== Activity ==
Look through the records below for the line holding "Unos asiduos concurrentes". Write it out exactly, with each following line through the line holding "Esta era una".
== Given data
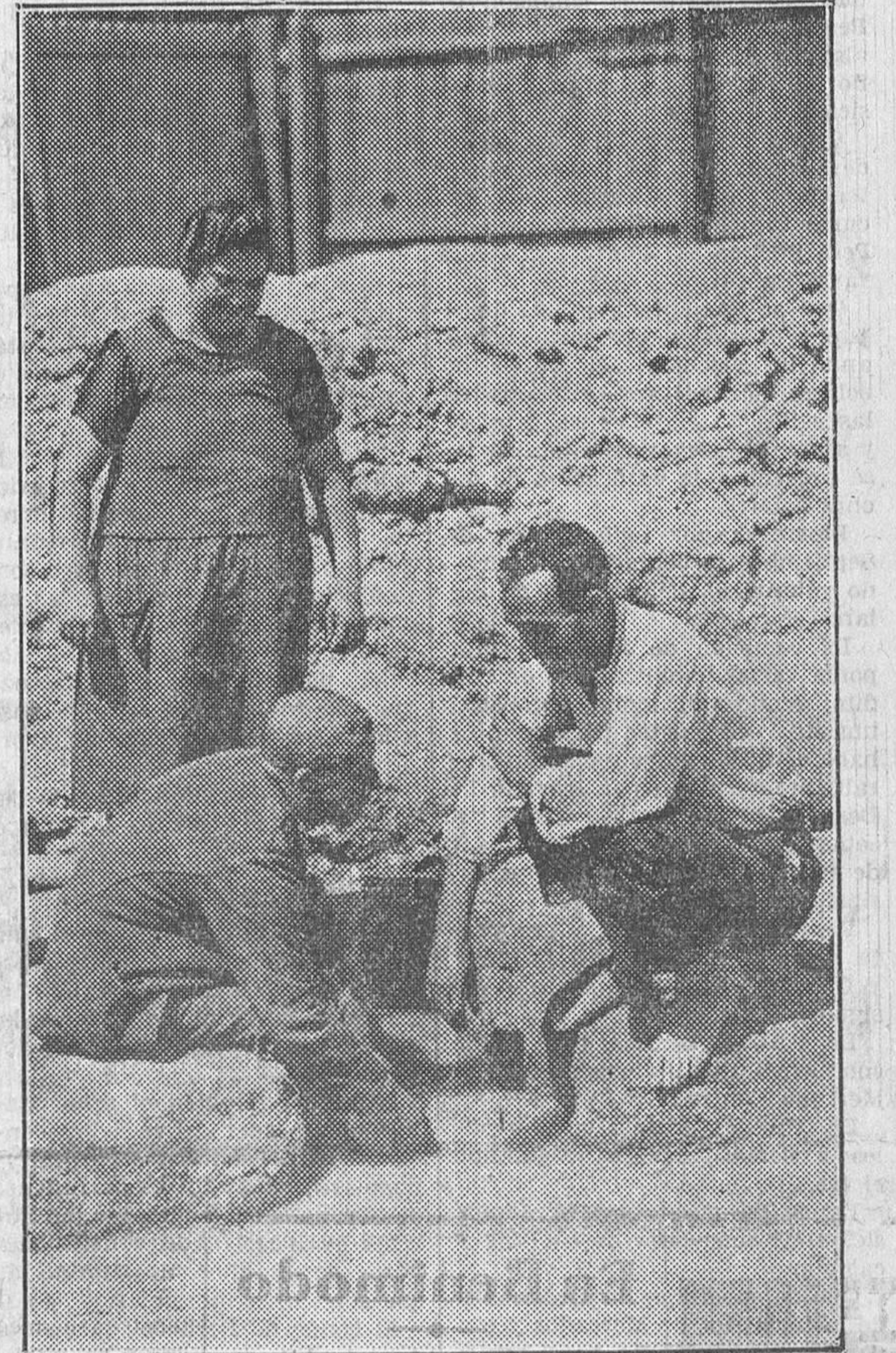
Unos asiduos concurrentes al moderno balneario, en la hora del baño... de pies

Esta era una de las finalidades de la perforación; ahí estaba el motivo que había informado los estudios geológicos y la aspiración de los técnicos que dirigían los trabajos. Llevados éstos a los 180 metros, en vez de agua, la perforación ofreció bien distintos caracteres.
====
== Given data
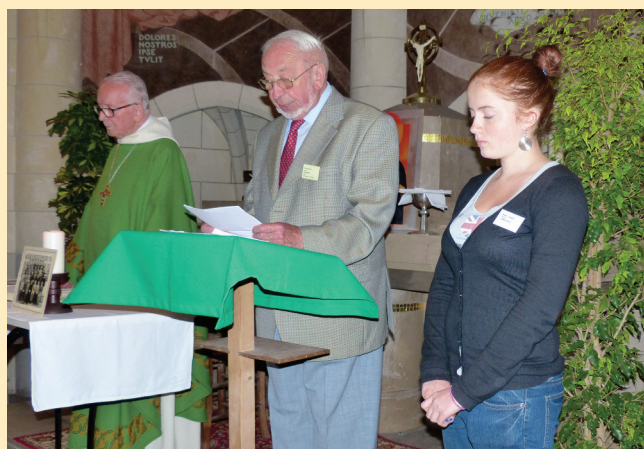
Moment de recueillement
====
== Exercise response ==
Unos asiduos concurrentes al moderno balneario, en la hora del baño... de pies

Esta era una de las finalidades de la perforación; ahí estaba el motivo que había informado los estudios geológicos y la aspiración de los técnicos que dirigían los trabajos. Llevados éstos a los 180 metros, en vez de agua, la perforación ofreció bien distintos caracteres.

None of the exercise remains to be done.